While ARHI is constitutively expressed in normal ovarian and breast epithelial cells, it is absent in cancers found in these tissues where no expression of ARHI has been detected. In non-cancerous cells growth factor signals associate ARHI N- and C-terminally to the plasma membrane, where it can interact with C-RAF. This interaction inhibits the activation of MEK and ERK and even cell migration. In cancer tissues, where ARHI is not expressed, cells will thus migrate; this possibly is a cause for metastasis especially in breast cancer.
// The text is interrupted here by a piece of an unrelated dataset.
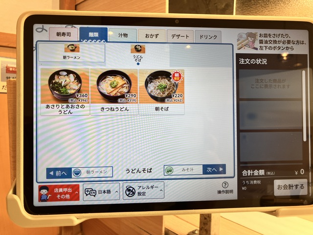 この日、僕は朝限定の朝そばとまぐろ・アカイカ二種盛りをオーダー。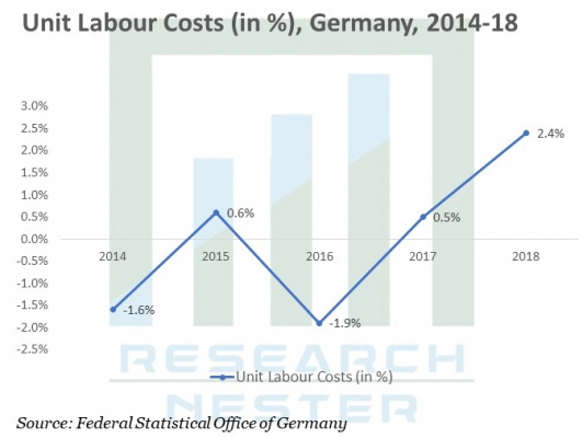 経済協力開発機構(OECD)によると、欧州連合では、労働生産性と利用率が2010年の3.06%から2018年には0.73%に低下しました。一方、ドイツ連邦統計局の統計によると、ドイツの単位労働コストは、2014年の(-)1.60%から2018年には2.40%に増加しました。

ARHI influences also the cell cycle, specifically ARHI's strong inhibition of the cyclin D1 promoter. Cyclin D1 is an essential protein in the cell's progression from G1 to S phase, and its regulation by ARHI is critical in maintaining healthy cells. This is the mechanism by which ARHI inhibits cell growth and acts as a negative growth regulator. A loss of ARHI function could result in out-of-control cell growth and, in fact, cyclin D1 is often up-regulated in ovarian cancers and invasive breast carcinomas when ARHI is found to be down-regulated. When ARHI is introduced into cancer cells lacking this gene, many responses occur in addition to cyclin D1 down-regulation. These include induction of p21, activation of JNK, and reduced signaling through the Ras/MAP pathway. Thus, loss of any of these processes (arising from loss of ARHI) can lead to cancer.

The "ARHI" gene is maternally imprinted (expressed monoallelically) and mapped specifically to 1p31, which is a common site for loss of heterozygosity (LOH). This locus on chromosome 1 is the most frequent deletion in breast and ovarian cancers. Because this gene is maternally imprinted, LOH of the nonimprinted allele (the paternal copy) confers a loss of ARHI expression. Although LOH has been reported in 40% of ovarian and breast cancers, another typical mechanism of gene silencing is through methylation. Since ARHI expression is decreased in 70% of invasive breast cancer, aberrant methylation is almost certainly the other common mechanism through which the gene is silenced. Found in "ARHI" are three CpG islands, which are common sites of epigenetic regulation, and hypermethylation of these regions in other tumor suppressor genes have been observed in various cancers. For example, decreased expression of BRCA1 in cancerous tissue has been linked with hypermethylation of the "BRCA1" promoter. Indeed, hypermethylation of certain CpG islands were associated with decreased expression of ARHI, and the protein showed a corresponding re-expression after demethylation of the regions.

Because the gene is imprinted, the two-hit tumorigenesis model proposed by Knudson is reduced to a more susceptible situation. The nonexpression of the maternal allele leaves the gene only one “strike” in terms of any number of mutational mechanisms, the two most common being LOH and hypermethylation of the gene promoter. In this way, the imprinted "ARHI" gene has a high risk of conferring cancers due to its susceptibility to mutations and epigenetic modifications.